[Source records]

Start of Block

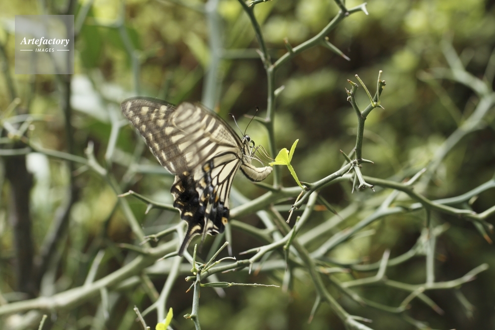 作品タイトル     アゲハチョウ産卵、産んだ卵が見える モデルリリース なし
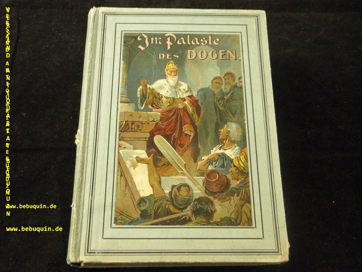 WIRTH, Max: (d.i. Andrä Heinrich Fogowitz) Im Palaste des Dogen. Eine Erzählung aus der Zeit von Venedigs Dogenherrschaft. Reutlingen (Bardtenschlager), (1899). 169 S. + 4 Farbtafeln. farb. ill. OHLn. Rücken mit kleiner Fehlstelle., StaT. EA. Wegehaupt 903.
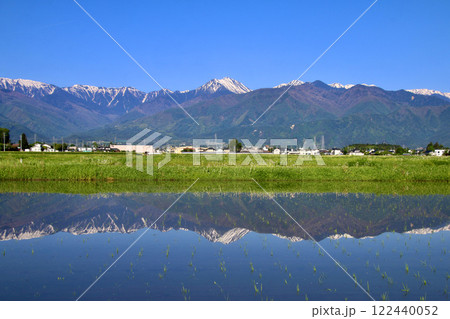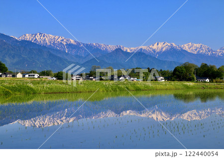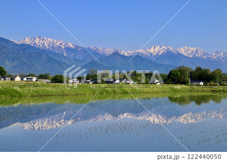 水田と北アルプス・水鏡(長野県・安曇野市)
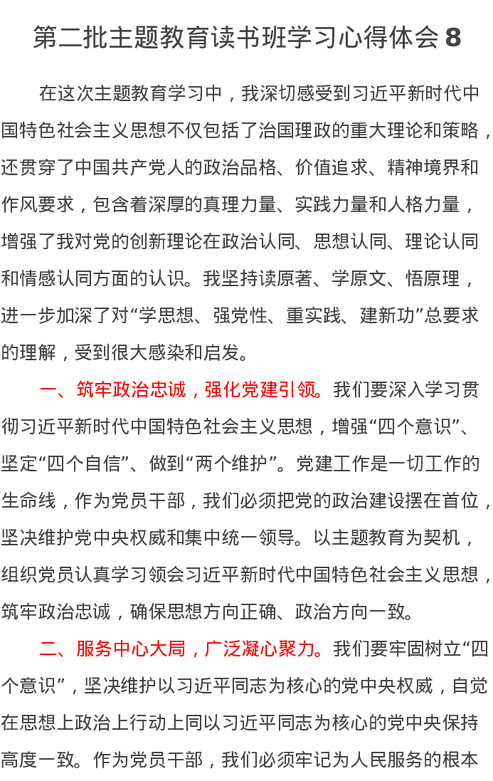第二批主题教育读书班学习心得体会8(特色社会主义思想)
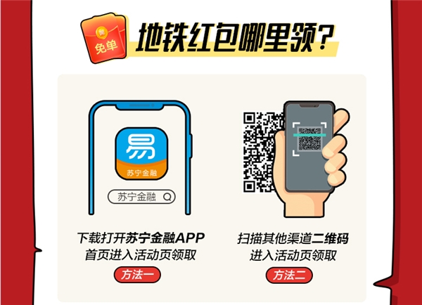 用户通过苏宁金融APP、分享活动页面、扫描线下物料二维码等渠道,都可进入无锡地铁免费坐活动页面,参与活动领红包。
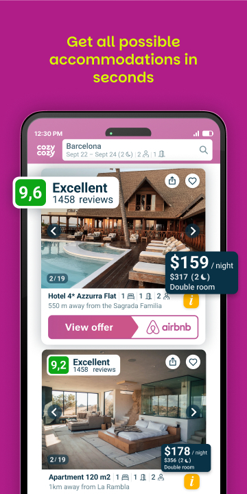 • Cozycozy is the only platform that lets you explore every possible accommodation option in real time.
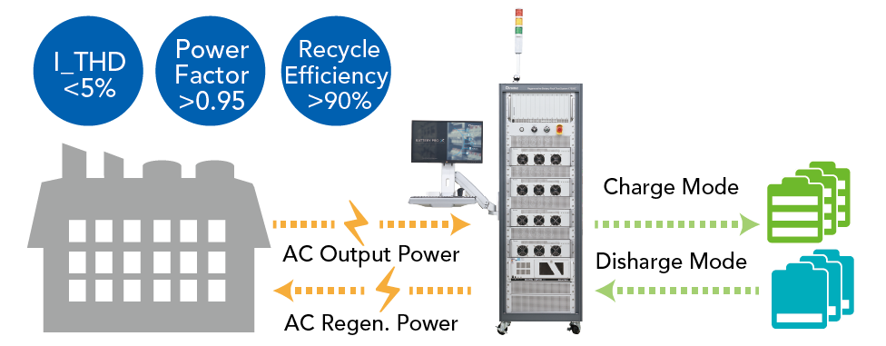 該系統(tǒng)可將電池模塊放電過程中釋放的電能回收,并將其回送至其他充電信道的電池模塊或回流至市電電網(wǎng),從而節(jié)省電力并降低熱能產(chǎn)生。

End of Block

The required answer is every line from the one containing "WIRTH, Max: (d.i." through the last line of the entries, restated word for word and with no pictures.

 WIRTH, Max: (d.i. Andrä Heinrich Fogowitz) Im Palaste des Dogen. Eine Erzählung aus der Zeit von Venedigs Dogenherrschaft. Reutlingen (Bardtenschlager), (1899). 169 S. + 4 Farbtafeln. farb. ill. OHLn. Rücken mit kleiner Fehlstelle., StaT. EA. Wegehaupt 903.
 水田と北アルプス・水鏡(長野県・安曇野市)
第二批主题教育读书班学习心得体会8(特色社会主义思想)
 用户通过苏宁金融APP、分享活动页面、扫描线下物料二维码等渠道,都可进入无锡地铁免费坐活动页面,参与活动领红包。
 • Cozycozy is the only platform that lets you explore every possible accommodation option in real time.
 該系統(tǒng)可將電池模塊放電過程中釋放的電能回收,并將其回送至其他充電信道的電池模塊或回流至市電電網(wǎng),從而節(jié)省電力并降低熱能產(chǎn)生。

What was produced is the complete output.